* _Required work_
Beginning at the first line of the material, output each line exactly until you reach and include the line containing "Servo Amplifier Alarm". Leave every picture out.

* _Provided records_
Start of Block

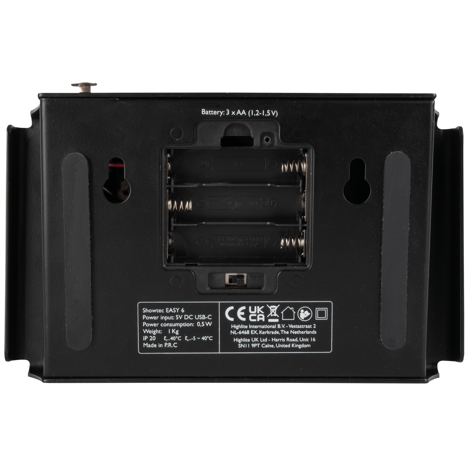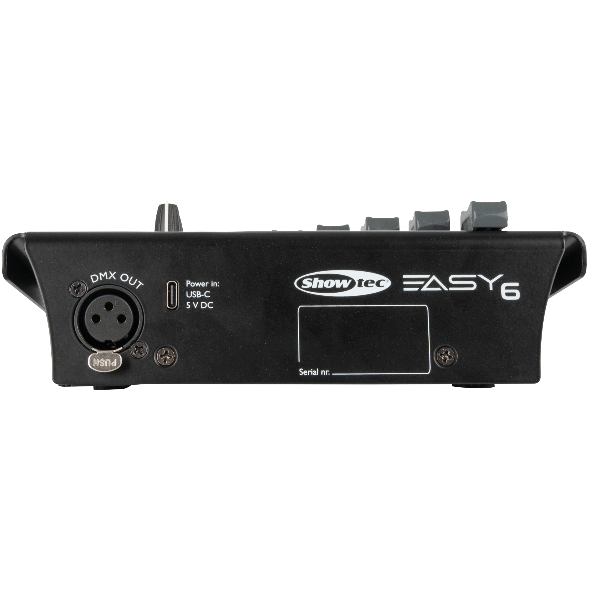 Der Showtec Easy 6 ist ein kompakter 6-Kanal-DMX-Controller mit 6 Fadern, 6 Tasten mit integrierten LEDs, einer Modus-Taste, einem Fade-Drehknopf und einem Master-Dimmer-Knopf. Er eignet sich ideal für Situationen mit einfachen Licht-Setups wie Ausstellungen oder kleine Geschäfte oder für Bühnencrews zum Testen von DMX-Equipment. Mit den integrierten Griffen und den 2 Befestigungsschlitzen kann der Easy 6 auf verschiedenste Weise verwendet werden. Auf jeder der Tasten können Szenen gespeichert werden und die integrierten LEDs zeigen an, ob eine Wiedergabeszene auf einer Taste gespeichert ist oder nicht. Im manuellen Modus stellen die Fader die Dimmerwerte ein, im Wiedergabemodus werden gespeicherte Szenen ausgegeben, wenn die Tasten gedrückt werden, und im Programmmodus wird durch das Drücken einer Taste der Faderwert gespeichert. An der Seite des Controllers befindet sich ein DIP-Schalter, mit dem sich die Startadresse der 6 Kanäle ändern lässt. Der Controller kann über USB-C oder 3 AA-Batterien mit Strom versorgt werden.
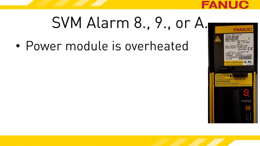 Servo Amplifier Alarm 8., 9., A. CNC Alarm SV0449 or SV0603 Applies to Alpha i Servo Alarm 8., 9., or A. on the Alpha i servo amplifier is an intelligent pow...
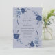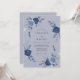 Este elegante diseño presenta una paleta monocroma de tonos azules pizarra y navales. Rosas pintadas a mano con acuarela y ramitas delicadas crean una estética botánica serena. El fondo etéreo complementa el follaje exuberante, lo que lo hace ideal para un evento sofisticado de invierno o primavera.
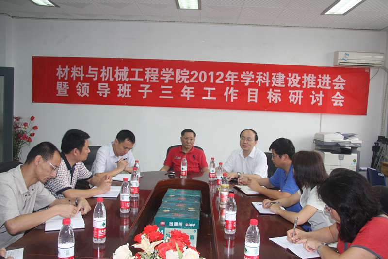 8月31日下午,材料與機械工程學(xué)院召開“2012年學(xué)科建設(shè)推進會暨領(lǐng)導(dǎo)班子三年工作目標研討會”。謝志華副校長應(yīng)邀出席并講話。材料與機械工程學(xué)院領(lǐng)導(dǎo)班子成員、系主任、教師代表參加會議。會議由院長黃志剛主持。
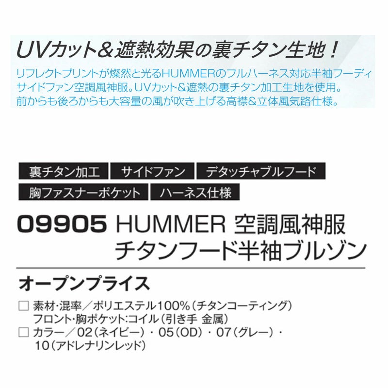 - アタックベース [春夏] HUMMER 空調風神服 チタンフード半袖 09905
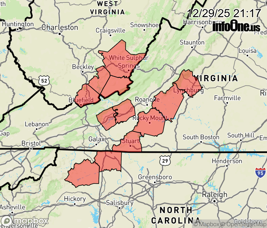 Canceled 12/30/25 6:57 AM Wind Advisory issued December 29 at 9:15PM EST until December 30 at 12:00PM EST by NWS Blacksburg VA * WHAT... Northwest winds 10 to 20 mph with gusts up to 50 mph. * WHERE... Portions of northwest North Carolina, southwest Virginia, and southeast West Virginia. * WHEN... Until noon EST Tuesday. * IMPACTS... Gusty winds will blow around unsecured objects. Tree limbs could be blown down and a few power outages may result. ![]() |
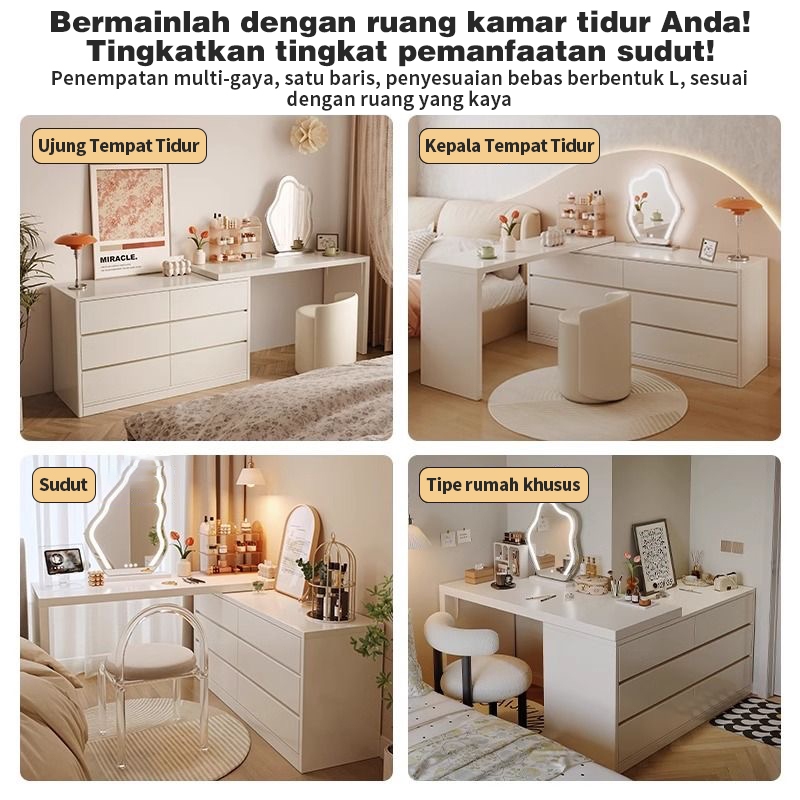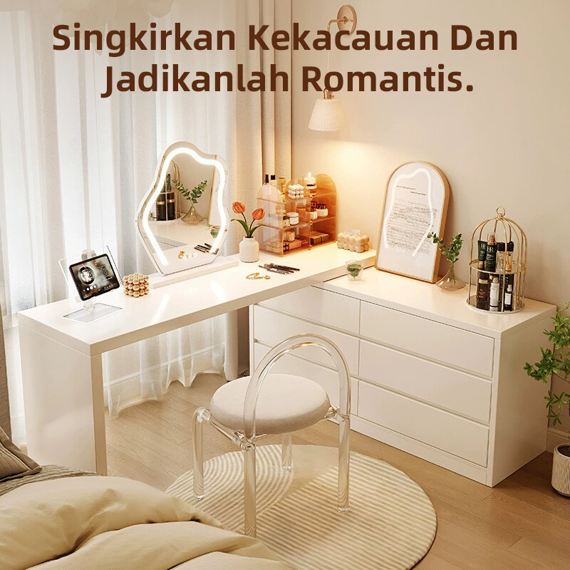 Meja Rias Aesthetic/Meja Rias Minimalis Modern/Meja Rias Laci/Meja Rias Lampu Led/Meja Kosmetik
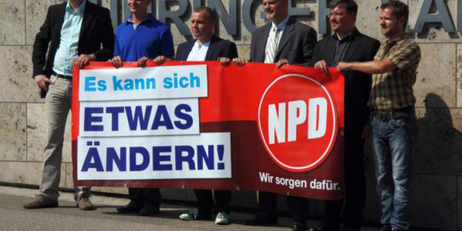Ziel der NPD ist nach eigenen Angaben der „Einzug in den Landtag von mindestens sieben Abgeordneten“. Folgerichtig belegen die ersten sieben Plätze auf der Landesliste langjährig erfahrene Funktionäre und NPD-Kommunalpolitiker wie Patrick Wieschke, Thorsten Heise, Tobias Kammler und Patrick Weber. Für die praktische Unterstützung appellierte hatte Wieschke bereits auf dem Landesparteitag im März an „Kameraden“ außerhalb der NPD appelliert, „an einem Strang zu ziehen“. Damit meint Wieschke beispielsweise das „Bündnis Zukunft Hildburghausen“ um den Neonazi Tommy Frenck, die „Aktionsgruppe Nordhausen“ oder den vom V-Mann und ehemals aktiven Neonazi Kai-Uwe Trinkaus initiierten Verein „Pro Erfurt“. Deren Vertreter erhielten mit dem NPD-Ticket in der Tasche Kommunalmandate und unterstützen die NPD beim Landtagswahlkampf vor Ort, nachdem die Zahl der NPD-Mitglieder nach einem kurzfristigen Anstieg im letzten Jahr wieder leicht gesunken ist. Trotz ihrer gespielten Seriosität ist die NPD also auch auf die Hilfe gewaltbereiter Neonazis zurückgreifen angewiesen, deren Zahl konstant und ihre Bereitschaft zur Gewalt ist unverändert hoch geblieben ist. 2013 wurden im Freistaat mehr als doppelt so viele Gewalttaten von rechts registriert als im Vorjahr.
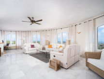 Cumbre del Sol: Grosses Haus "Cielo Azul", auf 2 Stockwerken. Im Ortsteil Cumbre del Sol, 8 km vom Zentrum von Moraira, ruhige, sonnige Lage auf einem Hügel, im Villenviertel, 2.5 km vom Meer, 2.5 km vom Strand. Zur Alleinbenutzung: Grundstück 1'000 m2 (eingezäunt), Schwimmbad nierenförmig (5 x 10 m, 100 - 210 cm tief, saisonale Verfügbarkeit: 01.Jan. - 31.Dez.) mit Innentreppe. Parkplatz. Supermarkt, Restaurant, Bäckerei 700 m, Sandstrand "Playa Ampolla" 8 km, Kieselstrand "Cala Moraig" 2.5 km. Bitte beachten: Fahrzeug empfohlen. Geeignet für Familien.Interior
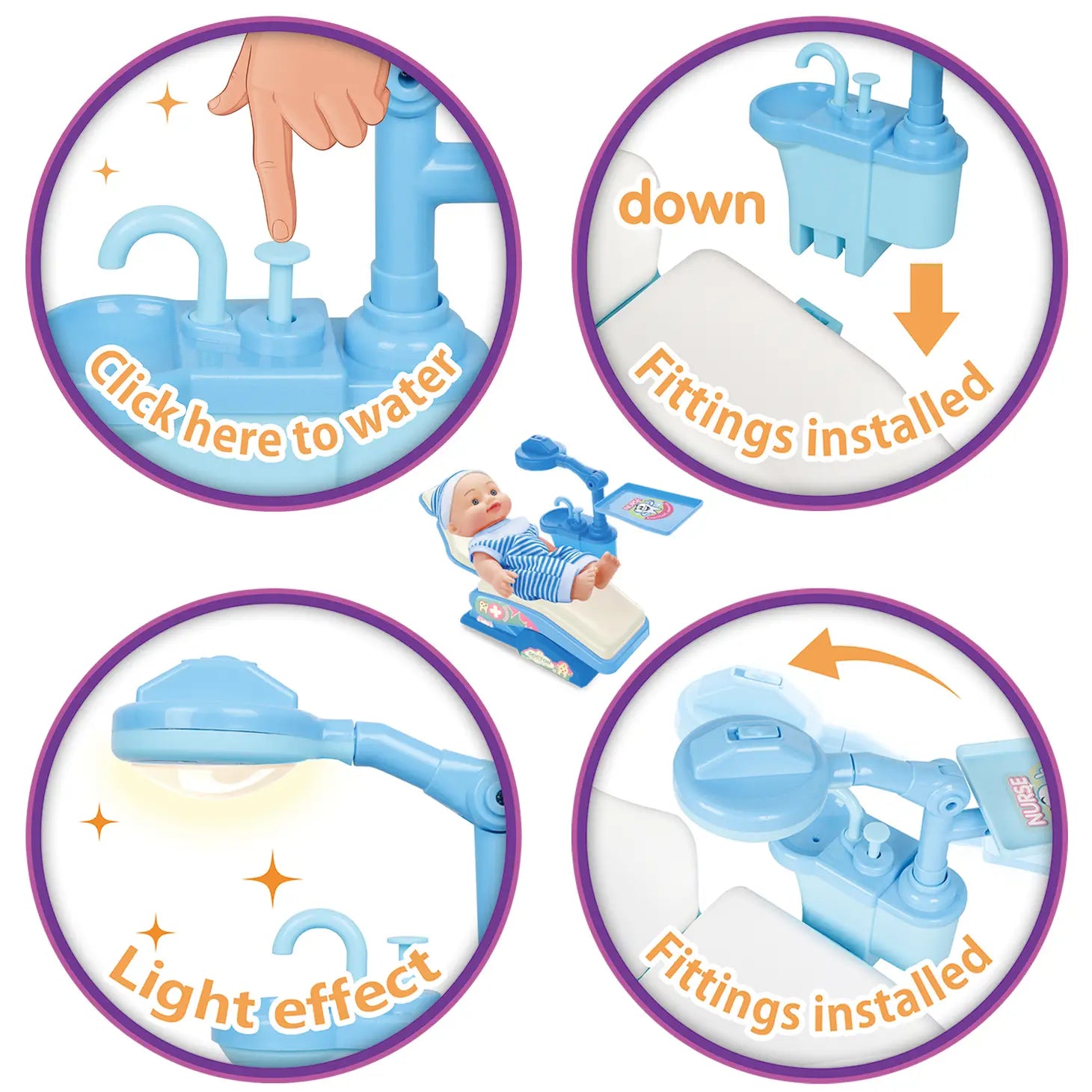 Pretend Doctor Playset: This 33-piece Kid Doctor Pretend Play Set features pretend-to-play medical “tools” such as a stethoscope, blood pressure gauge, a toolbox, dental instruments, doctor’s clipboard, surgical instruments, and more! Great for the dentist, doctor and nurse pretend play activities! Carrying Case: There is a portable doctor’s toolbox to hold all your medical tools, gadgets, and devices. The carrying case/toolbox features a handle at the top for easy transport, and a heart-shaped lock to keep the contents securely inside. Makes Sounds and Lights-Up: The stethoscope produces heart-beating sounds and lights up when used! Makes the experience much more inclusive and dynamic. Dentistry as well: This Kid Doctor Pretend Play Set also comes with dentistry tools. It is a doctor’s set and dentistry set in one!
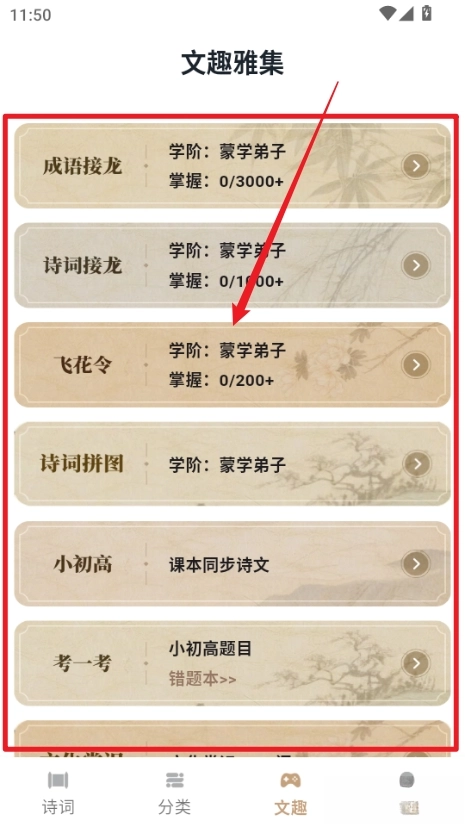 文趣板块包含各类接龙、飞花令等趣味答题功能,感兴趣的话不妨体验一番。
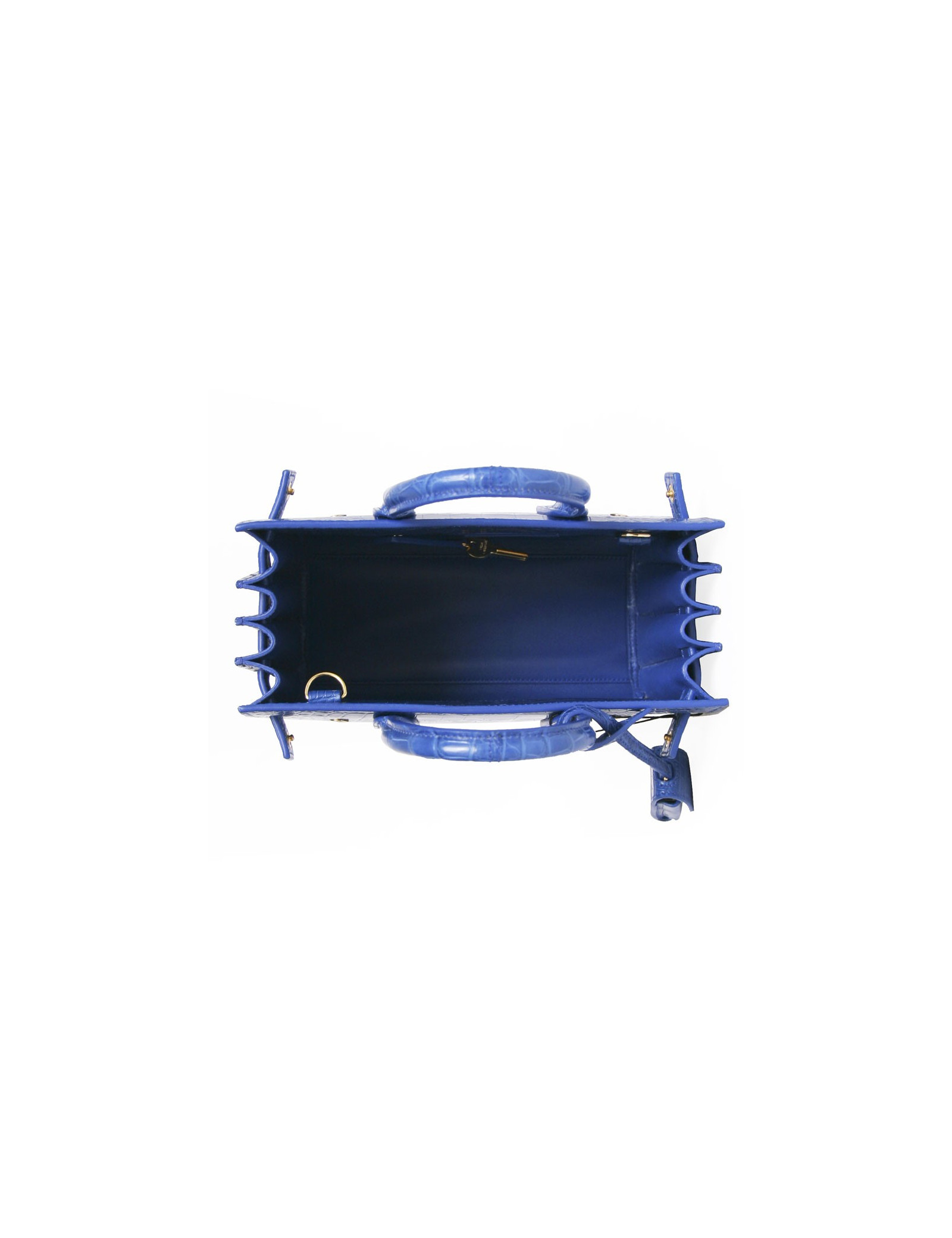 Bag 'baby' bag of day of the Lawrence House in Royal Blue crocodile. A true gem! It is handmade using a double handle as well as the shoulder through a removable shoulder strap. New condition.

End of Block

* _Task result_
 Der Showtec Easy 6 ist ein kompakter 6-Kanal-DMX-Controller mit 6 Fadern, 6 Tasten mit integrierten LEDs, einer Modus-Taste, einem Fade-Drehknopf und einem Master-Dimmer-Knopf. Er eignet sich ideal für Situationen mit einfachen Licht-Setups wie Ausstellungen oder kleine Geschäfte oder für Bühnencrews zum Testen von DMX-Equipment. Mit den integrierten Griffen und den 2 Befestigungsschlitzen kann der Easy 6 auf verschiedenste Weise verwendet werden. Auf jeder der Tasten können Szenen gespeichert werden und die integrierten LEDs zeigen an, ob eine Wiedergabeszene auf einer Taste gespeichert ist oder nicht. Im manuellen Modus stellen die Fader die Dimmerwerte ein, im Wiedergabemodus werden gespeicherte Szenen ausgegeben, wenn die Tasten gedrückt werden, und im Programmmodus wird durch das Drücken einer Taste der Faderwert gespeichert. An der Seite des Controllers befindet sich ein DIP-Schalter, mit dem sich die Startadresse der 6 Kanäle ändern lässt. Der Controller kann über USB-C oder 3 AA-Batterien mit Strom versorgt werden.
 Servo Amplifier Alarm 8., 9., A. CNC Alarm SV0449 or SV0603 Applies to Alpha i Servo Alarm 8., 9., or A. on the Alpha i servo amplifier is an intelligent pow...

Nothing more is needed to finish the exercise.